Chapter 7 Mattaniah

Mattaniah

The alarm goes off at six and I'm already awake, my body having dragged me to the surface every time sleep tried to pull me under with sense-memories of Dominic's mouth on my skin and his voice vibrating against my throat and two words cracking me open until the pleasure wiped my brain clean.c

My stepbrother did that to me, and my body arched into all of it because apparently four years of discipline evaporate the second a Hale boy calls me good.

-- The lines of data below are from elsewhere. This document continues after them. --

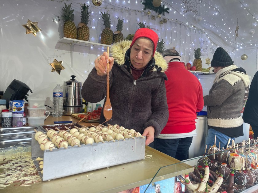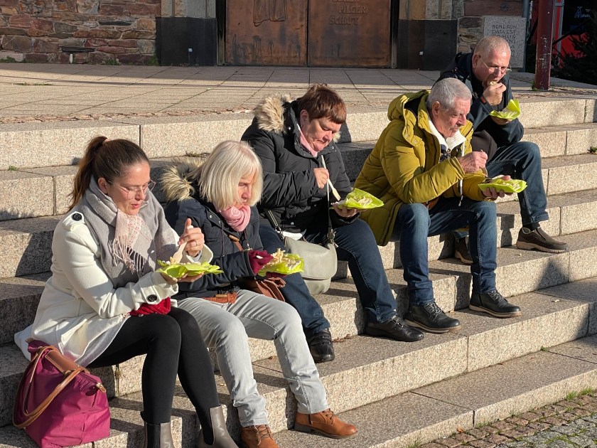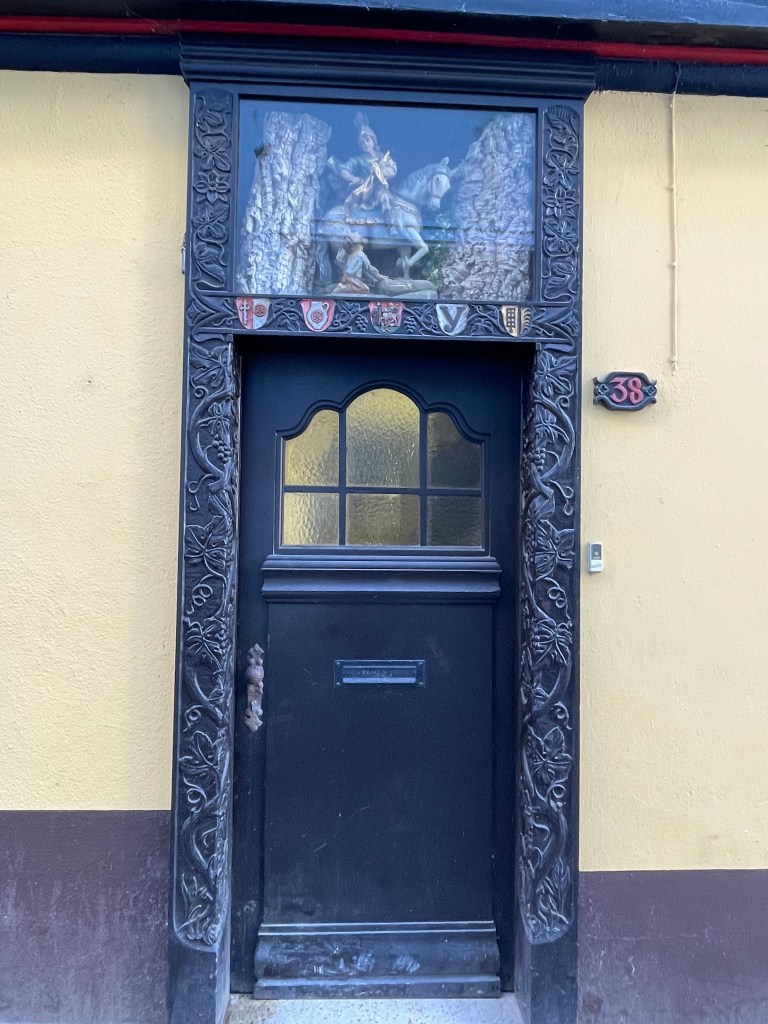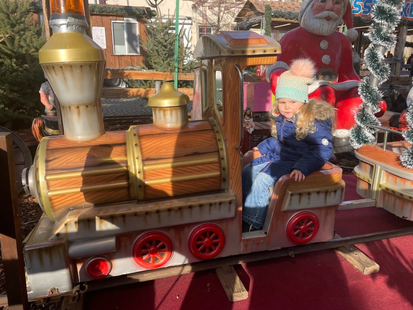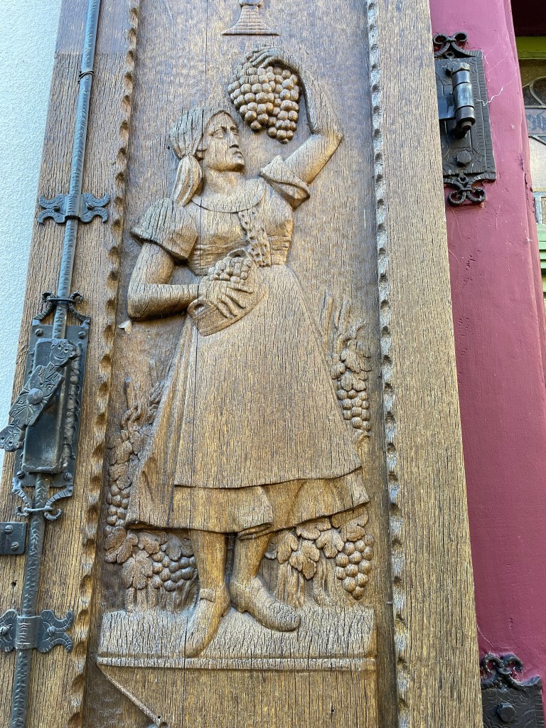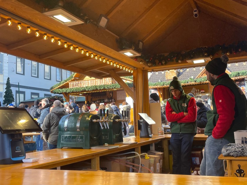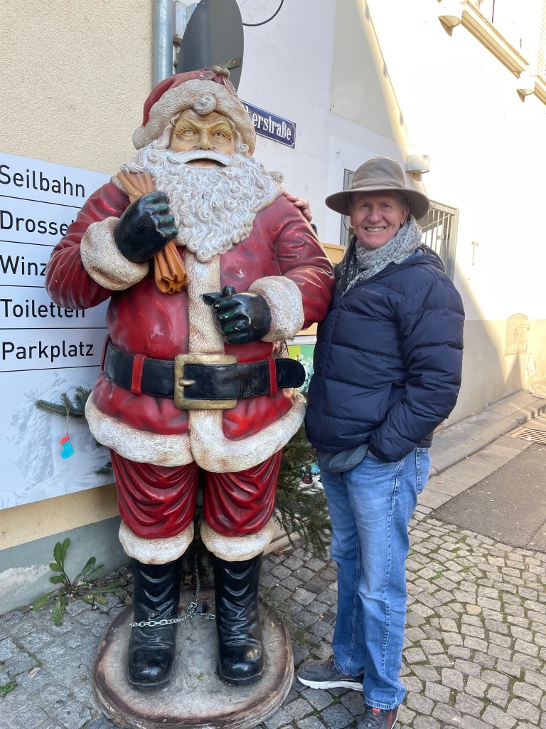 Rüdesheim is the town we went to a few months ago to ride the gondola up over the vineyards to a memorial up above the Rhine River. It’s a wine-growing town. The description of the market sounded fun and it was.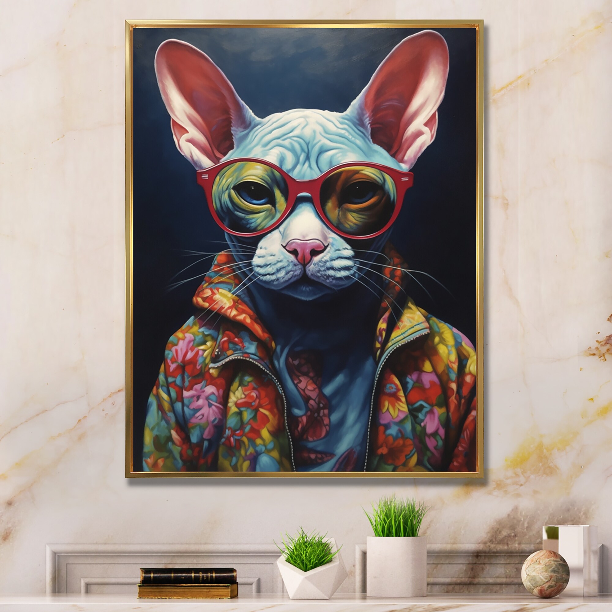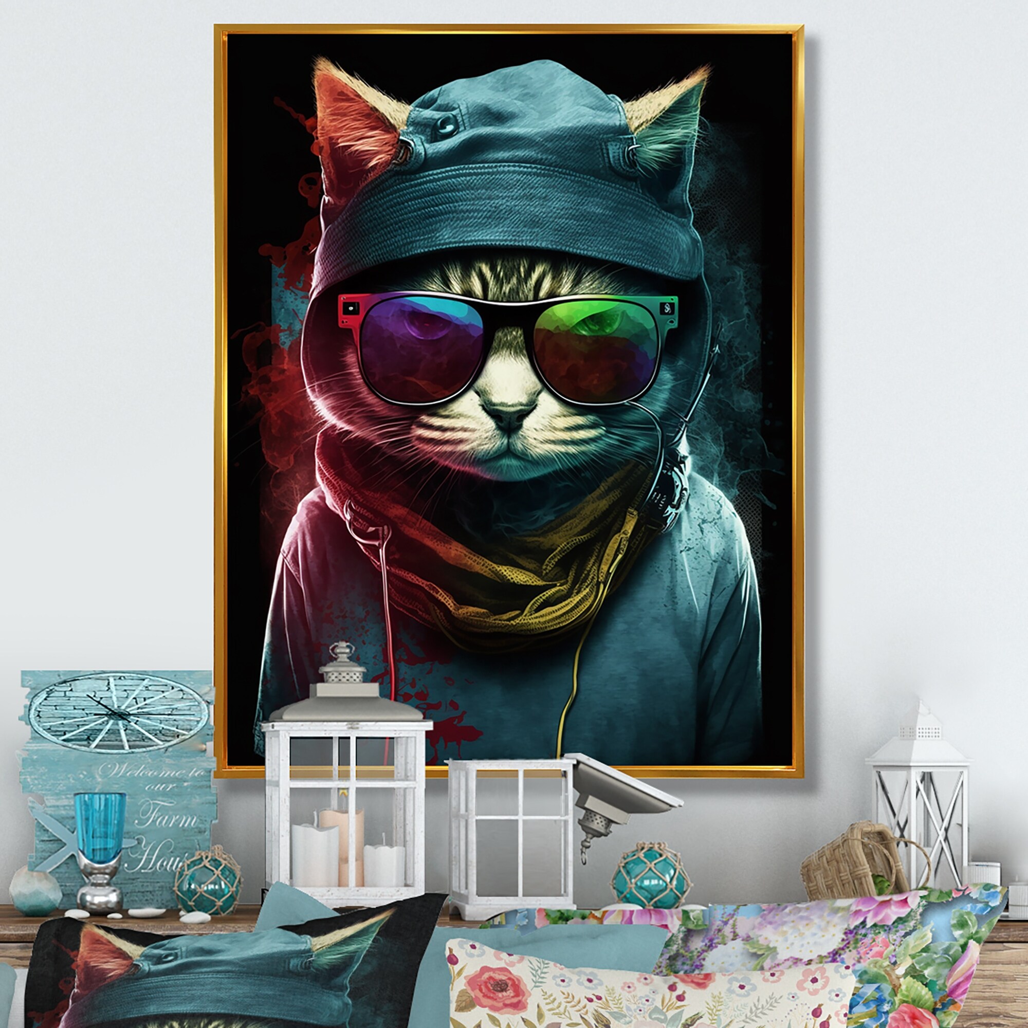Designart "Bohemian Cat With Sunglasses IV" Animals Cat Framed Canvas Wall Art Print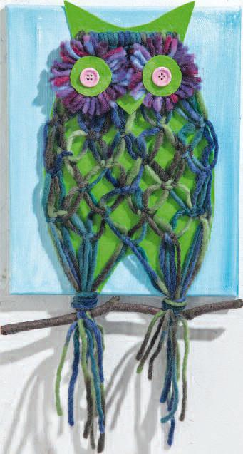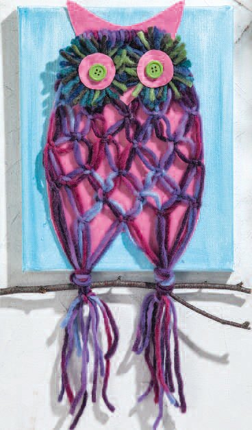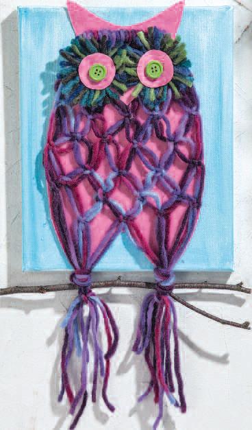 Teraz zawiąż pierwsze cztery nitki na zewnętrznym konturze sowy węzłem tkackim, a następnie zawiąż kolejne węzły tkackie w poprzek kształtu. Zabezpiecz poszczególne węzły gorącym klejem.

"You're an idiot," I mutter to the ceiling, the sound of my own voice in the empty room making me flinch because it comes out hoarse from the sounds I made last night that I'm choosing not to think about.

The bathroom mirror agrees with my assessment by the time I get over there, showing someone who looks thoroughly wrecked, curls tangled from the pillow, lips swollen, and a pink mark from his stubble on my collarbone that I catch myself touching before I jerk my hand away.

Even my scent has changed overnight, carrying a sweetness the shower does nothing to fix, and that sweetness follows me to the sink where I shake the blocker bottle and count what's left.

Two pills first, then a long look at my own reflection, then a third even though triple-dosing is the kind of stupid that comes with heart palpitations and nausea and crashes that leave you shaking for hours.

The pills go down dry as I grip the porcelain while I wait for them to hit, running through the thoughts that have kept me controlled since Marcus: stay muted, don't respond, don't let anyone see.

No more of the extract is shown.